I have 8 cats. They're all outside right now...it doesn't seem like that many until they all show up in the kitchen to eat at the same time. Then it's like, "Wow, look at all these cats."


----------



## Lenkolas (Jan 18, 2011)

Greenport ferals said:


> I have 8 cats. They're all outside right now...it doesn't seem like that many until they all show up in the kitchen to eat at the same time. Then it's like, "Wow, look at all these cats."


Bahahahahahahaha! that is so true! It happens to me with only four. Lately it has been like "what? who's that white kitten? oh, it is my new cat..."

And our bed is just too small now (and it is a huge 200x200 cms. bed)


----------



## Penny135 (Apr 6, 2011)

PZR's Mommy said:


> I want a third kitty so bad. We have two plus a dog. The only thing stopping me is the cost of pet mess. Both my kitties r on revolution which can get expensive. How do u guys do it with 3 or more? Any cost saving ideas out there?

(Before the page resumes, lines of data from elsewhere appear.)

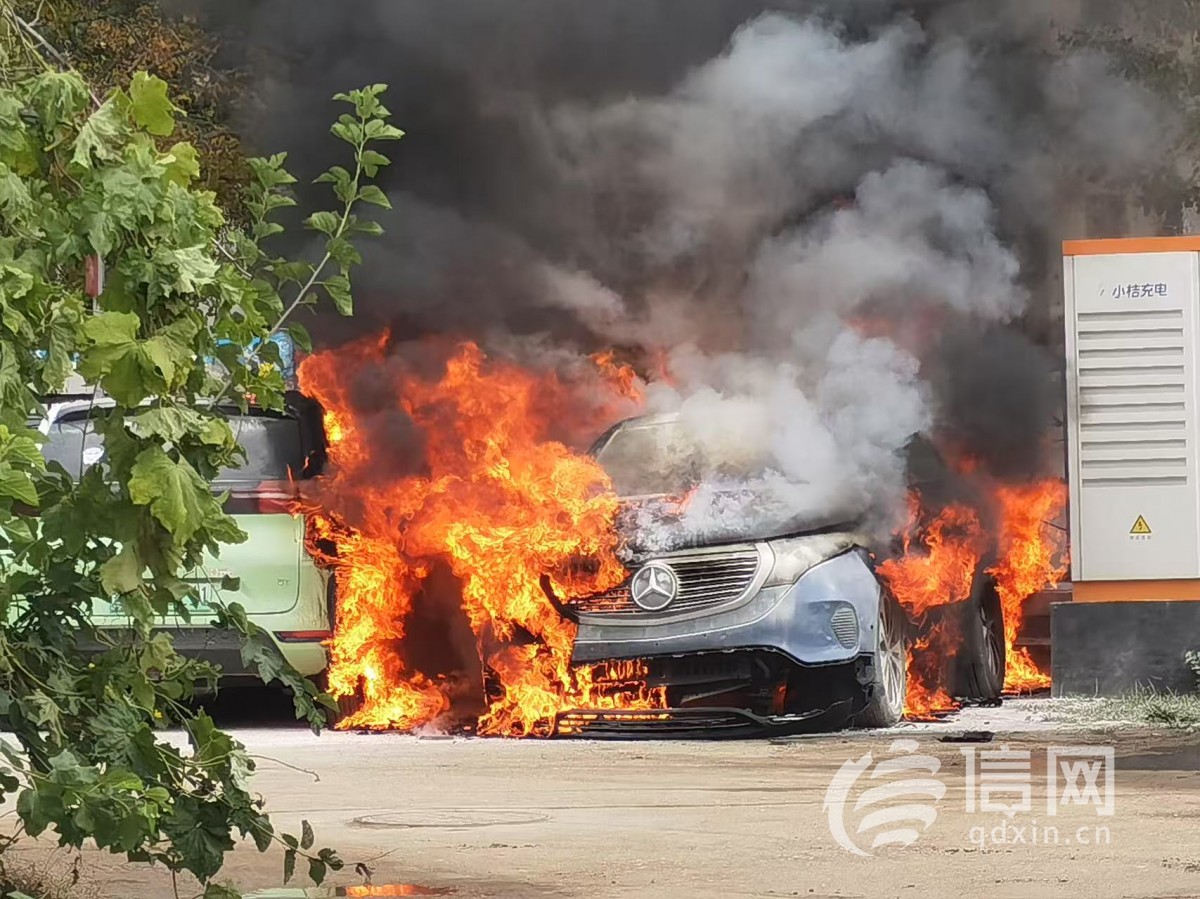 2024年10月21日,賈女士的奔馳EQC 350電動汽車在嶗山區一小桔充電站充電時突然發生自燃。“當時我正在車後排休息,即將充滿電的車輛突然發出異響,隨後車內冒出濃煙。我趕緊跑下車,結果不到10秒車輛隨即發生爆炸,就着了火,還連累了旁邊的一輛比亞迪車。”
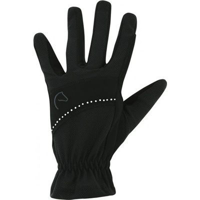 Stylové jezdecké rukavice zdobeny detailem z jemných kamínků. Mají elastickou vložku v oblasti kloubů a perforaci v oblasti prstů. Praktické zapínání na suchý zip zajišťuje...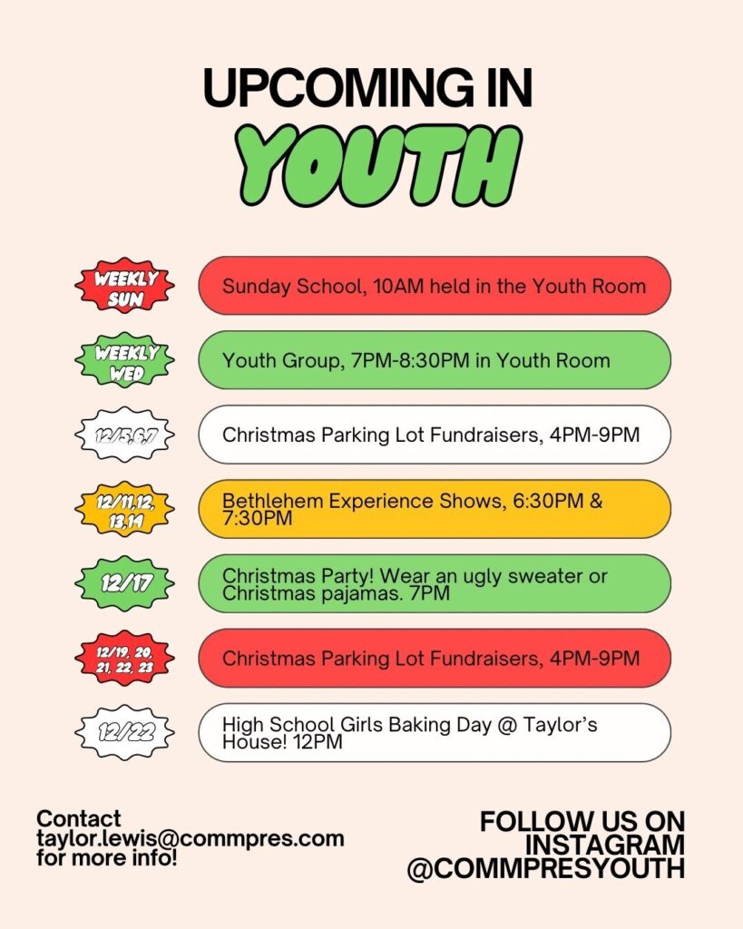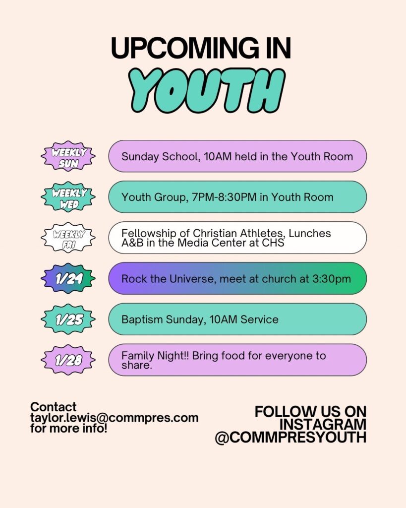 CommPres Youth (CPY) is a student ministry at Community Presbyterian Church for all 6th-12th grade students.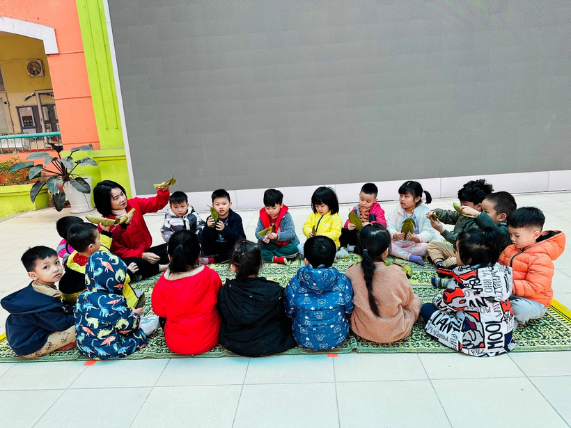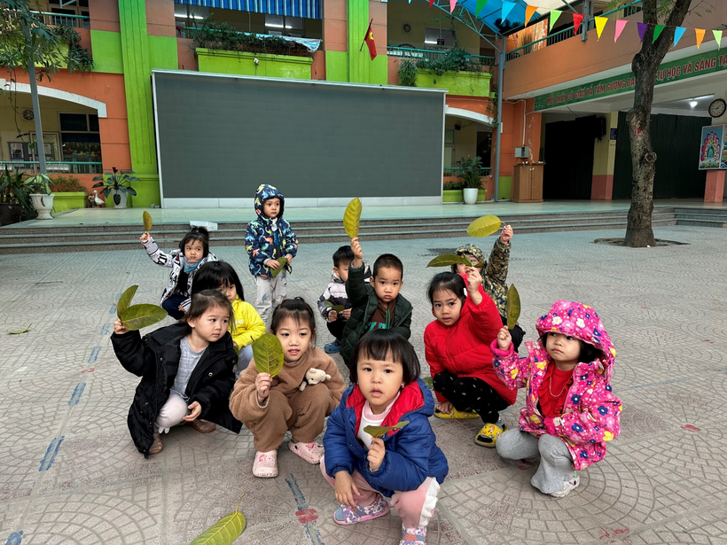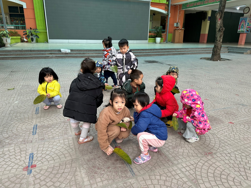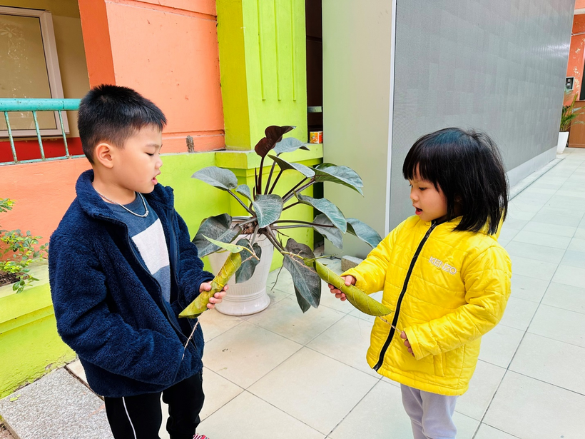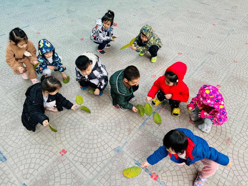1)Những chiếc lá rụng dưới sân trường được trẻ đi gom làm nguyên liệu tạo hình

I had 3 cats and 2 dogs at one time a few years ago. The vet would give me the highest dose of frontline and have me devide it between the 3. He gave me little measuring vials to do this and He did the same for the dogs. I always had some left over to use for the next month too This was what the vet had me do. He said it would not loose its potency). Saved quite a bit od money. :kittyturn


----------



## alli.s (Aug 22, 2011)

haha oh wow i'm glad i'm not so crazy i will show my boyfriend this he's the one who thinks i'm crazy he only likes the dog!

here are some pictures
Riley (dog)
tippy and bippy (2cats brother and sister)
jacques (new rescue cat)


----------



## BryanOwnee (Feb 21, 2011)

Not me
Someday maybe.


----------



## 6cats4me (Apr 30, 2011)

I have *6* wonderful feline companions! Also, a small feral colony that my brother and I take care of.


----------